Court rejects challenge to natural gas transmission network charges
Regime scheduled to be introduced in October 2014
Two wholly owned subsidiaries of the US multinational Hess Corporation have lost their High Court challenge to the legality of the tariff regime proposed by the energy regulator for access to the State’s natural gas transmission network, owned by Bord Gais Eireann. The regime is scheduled to be introduced in October 2014.
Mr Justice John Cooke today delivered a lengthy reserved judgment dismissing on all grounds the judicial review challenge by Shannon LNG Ltd and Shannon LNG Energy Ltd, both wholly owned subsidaries of Hess Corporation, to the decision by the Commission for Energy Regulation of June 2012.
The June 2012 decision concerns proposed tariffs to apply for use of, and access to, the BGE-owned transmission system and pipeline network for transport and delivery of natural gas in the State, including two undersea inter-connectors to the transmission network in the UK.
Shannon LNG was established in 2003 to develop a terminal near Tarbert, Co Limeirck, to be used to import liquified natural gas (LNG) to be shipped to the State and supplied to the on-shore transmission system through a new 26km pipline. The Shannon companies plan involved using Shannon LNG’s new terminal at Foynes and selling natural gas to wholesale buyers and large consumers such as power stations within Ireland.
Mr Justice Cooke rejected the companies’ claims the regulators tariff decision breached provisions of national or EU law, that the regulator had effectively granted an unnotified State aid to BGE contrary to EU law or that the Shannon companies were being required to cross-subsidise BGE’s operating costs.
What is envisaged is there should be “a broad correspondence” between the total revenue exacted by the operator from tariffs for access and the amount of revenues it requires for maintenance, operation and development of the transmission system, he said. He described as “clearly unfounded” arguments BGE would infringe European law by conduct amounting to “margins squeeze”.

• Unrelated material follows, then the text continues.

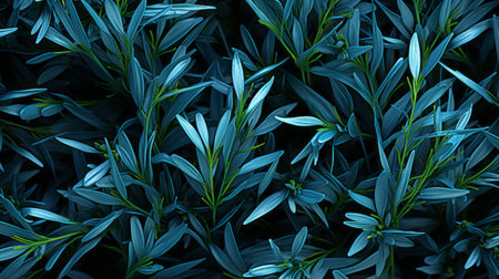 a blue-green plant with a dark color is depicted in this hyper-detailed and realistic rendering. the decorative background and free brushwork add depth to the imitated material. inspired by the style of leiji matsumoto, the allover composition showcases intertwining materials. ai generated

While some details of the proposed regime have yet to be finalised, the regulator had reached final conclusions as to how the existing transmisison regime will be reformed, he noted. The Shannon companies claimed those conclusions meant it, and the prodcuers on the Corrib gas pipeline, would be discriminated against in favour of shippers importing from the UK.

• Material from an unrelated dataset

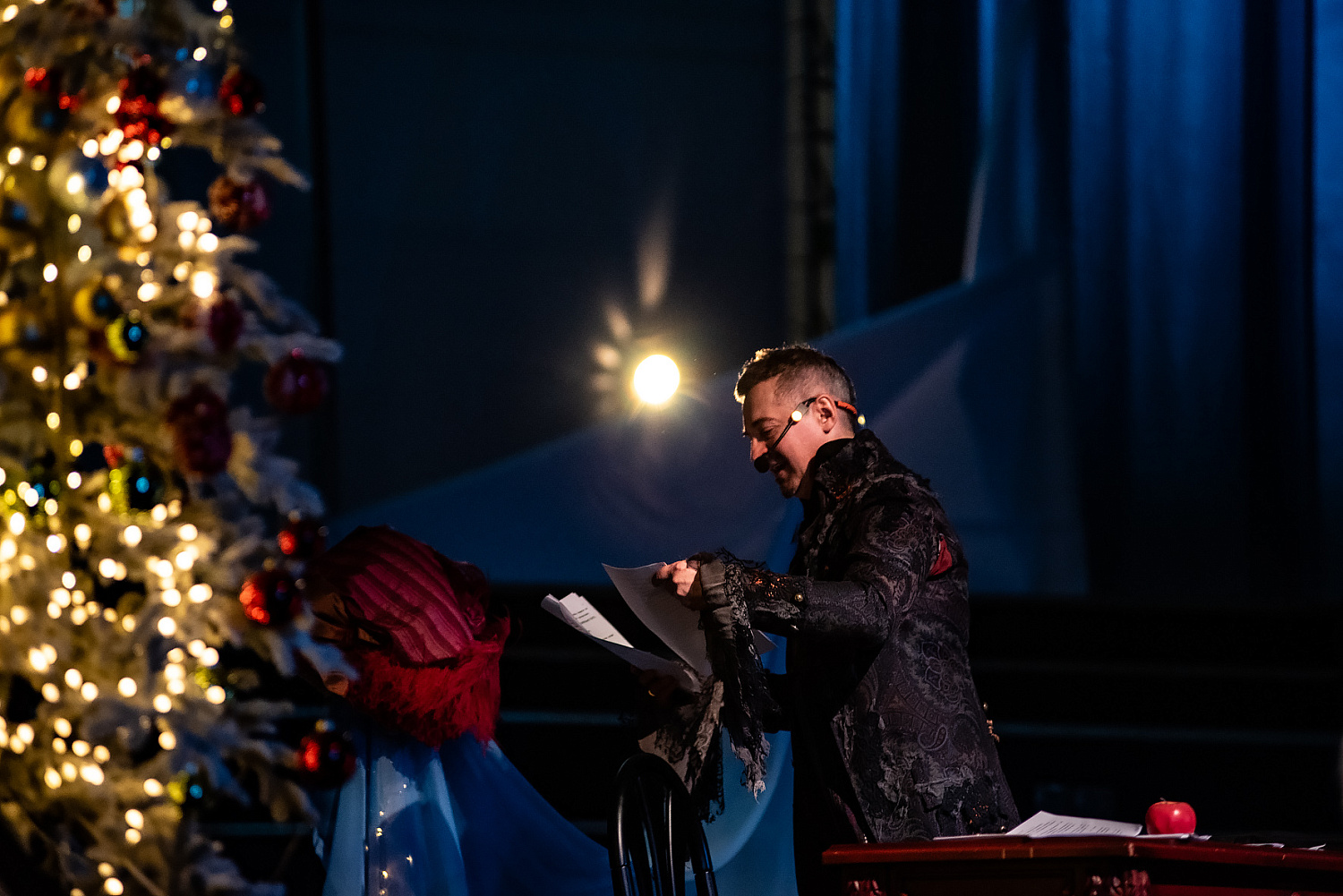 Спектакль, посвященный Эрнсту Гофману, представил драматург и режиссер, лауреат премии “Лавр”, ТЭФИ и премии Фонда Ирины Архиповой Дмитрий Минченок. Фокусом внимания стал не кенигсбергский, а бамбергский период Гофмана, где писатель создает свое альтер-эго — капельмейстера Иоганнеса Крейслера, работает в театре и дает частные уроки 13-летней Юлии Марк, в которую влюбляется. Об этой истории узнает жена Миша (Михалина Рорер-Тжчиньская), а что из этого следует — рассказывает Минченок, не разделяющий реальность и мистификацию до финала.

The conclusions include ending the current distinction, for tariff purposes, between onshore assets and offshore interconnectors and by adopting a particular methodology as the future basis for entry point tariff calculation.
The judge noted all natural gas currently distributed within the State for supply originates in off-shore supply sources and the supplies are distributed over an on-shore transmission system or pipeline network belongign to BGE and operated by it through a wholly owned subsidiary, Gaslink.
Through the onshore transmission system, gas is supplied via a ring between the major centres of Dublin, Cork, Limerick and Galway with exit points and distrtibution spurs to other population centres. As of now, natural gas imported from otuside the State arrives at the ring main at two points north of Dublin while a small part of the total supply enters the system from the Kinsale head gas field.
Some 99 per cent of the total supply is imported from the UK through the two undersea interconnectors, running from Moffat in Scotalnd and coming ashore to join the main ring at the two main points at Loughshinny, Co Dublin, and Gormanstown, Co Meath. Another and new source of supply, from the Corrb gas field, is anticipated to become operational in 2015, the judge noted.
A central dispute in the action related to how the two inter-connectors were to be treated for tariff setting purposes and whether the gas delivered through them shoud be treated as entering the BGE systemn at Moffat, as the regulator argued, or at Loughshinny/Gormanstown, as the Shannon applicants contended.
The dispute related to the methodology proposed to be adopted for setting tarfiffs for access to and use of the interconnectors and the legality of treating them as an integral part of the BFE infrastructure rather than as a separate facility, the costs of which must be distinctly accounted for and recovered from those companies using them.
The anticipated effect of the two new sources of supply of natural gas — from the Shannon and Corrib operations — had led to the regulator undertaking a process of research, investigation and industry consultation which led to its June 2012 decision concluding reform of the current regulatory market for the regime was necessary.
Having analysed the evidence and law, the judge rejected arguments the regulator had acted, or proposed to act, unlawfully in the proposed alternations to the manner in which the BGE netowrk and interconnectors are treated for regulatory purposes and the basis upon which the tariffs for use of and access to the infrastructures are fixed.
The regulator was entitled to regard the interconnectors as an integral part of BGE’s transmission infrastructure and to charge a two part tariff for access to that system based on a Long Run Marginal Cost (LMRC) element and a “revenue shortfall” element and not upon actual costs incurred by BGE, he ruled.